Even after the former apprentice and then owner of Sonntag Fox Electrical retired, apprentices and tradesmen used to visit Mr Fox's Balmacewen Rd home to see what their forebears used to work with.
His basement was crammed with many hundreds of vintage appliances, old electrical fittings and curiosities, all boxed, shelved or mounted to outlast any conceivable warranty.
Early washing machines, irons, coal ranges, heaters, wall telephones, meter gauges and radios jostled for space with shock machines, early light fittings, wooden cable holders, lamps, and even a dentist's drill and a Dunedin Fire Service siren.
Ronald A Proctor Auctioneers manager Ricky Proctor said yesterday the collection was considered the holy grail for southern electrical enthusiasts and that many had paid one last visit before it was sold this weekend.
"This is simply an incredible collection.
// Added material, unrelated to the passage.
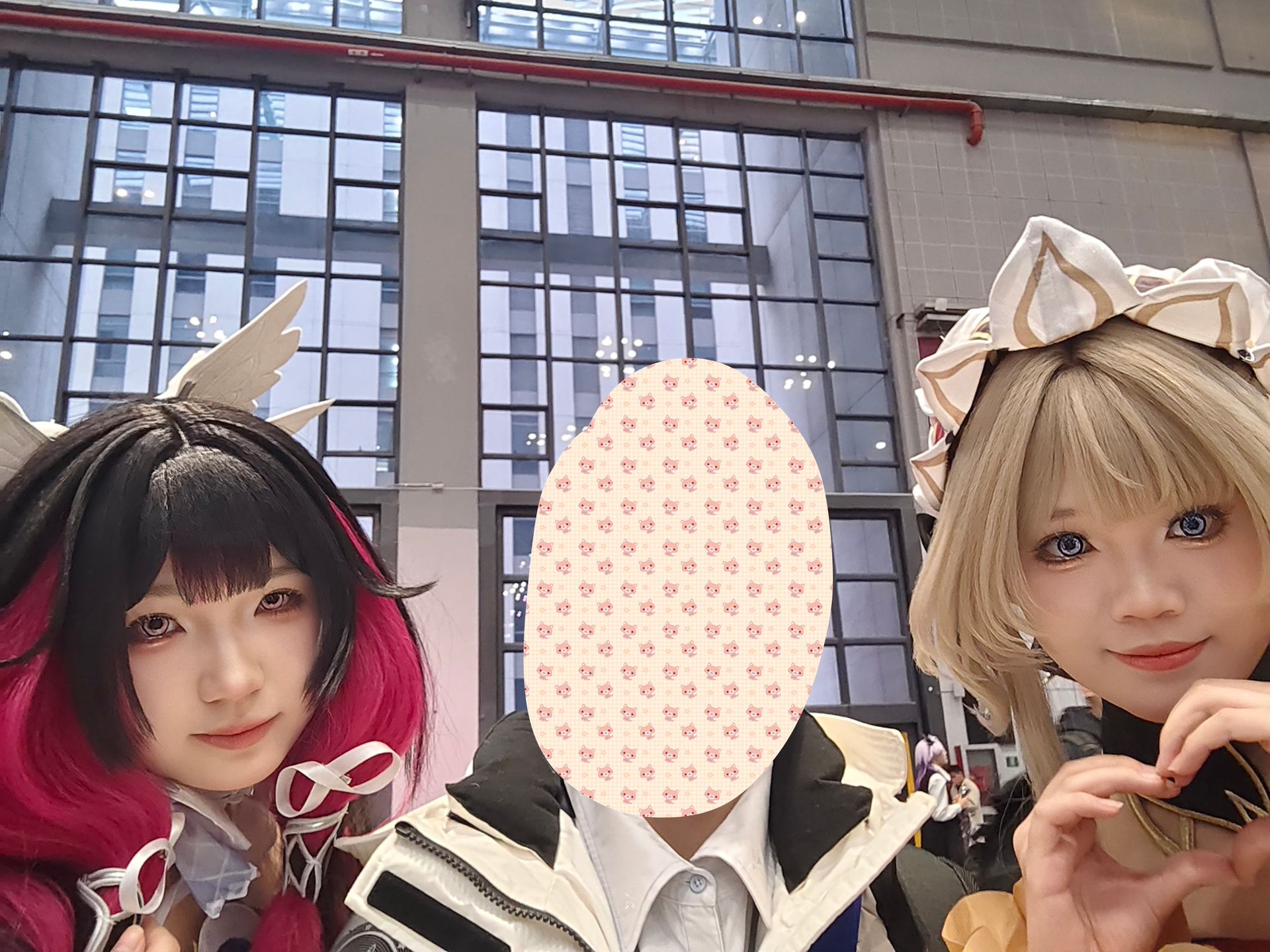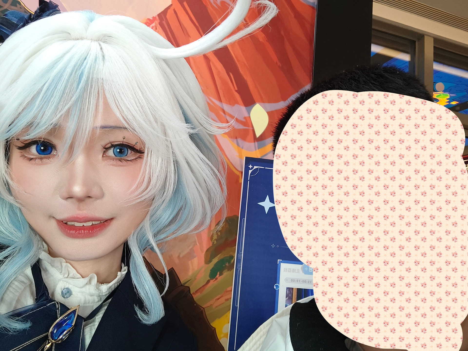 四个人凑到了一起继续排队。终于要到了尽头了,最后才发现原来是一日店长的cos集邮拍摄以及一些小互动。嗨呀,我说怎么需要排这么久的队原来是这么一回事呢。轮到我的时候,很正常的合了个影(也可以说是集邮)。拍完以后其中一位同行的揶揄我说害羞耳朵都红了。这话就不对了嗷。室内空调辣么热,想不红都难啊。怎么能这么说我呢?

It's just impossible to say how much there is here. Every time I open a new drawer in his cabinets we find more stuff in absolutely great condition. It's something I doubt we'll see again."
Daughter Barbara Key said Mr Fox's family inherited the museum when he died in 1994.
It was later stored at Sonntag Fox until the company was sold and the family reluctantly decided to send the collection to auction.
"It just grew in his latter years, when former staff who knew he had a museum brought him things that would have just been thrown out. It was well-known, and he would have loved to have made it into a real museum," she said.
Mr Proctor said a Dunedin collector wanted to do just that, until he saw what he was dealing with yesterday afternoon.
"He did not want the collection of irons, toasters, jugs, and heaters to get split up, but he underestimated just how much there is. He just wouldn't have the room . . . it's hard to see how Bert did it."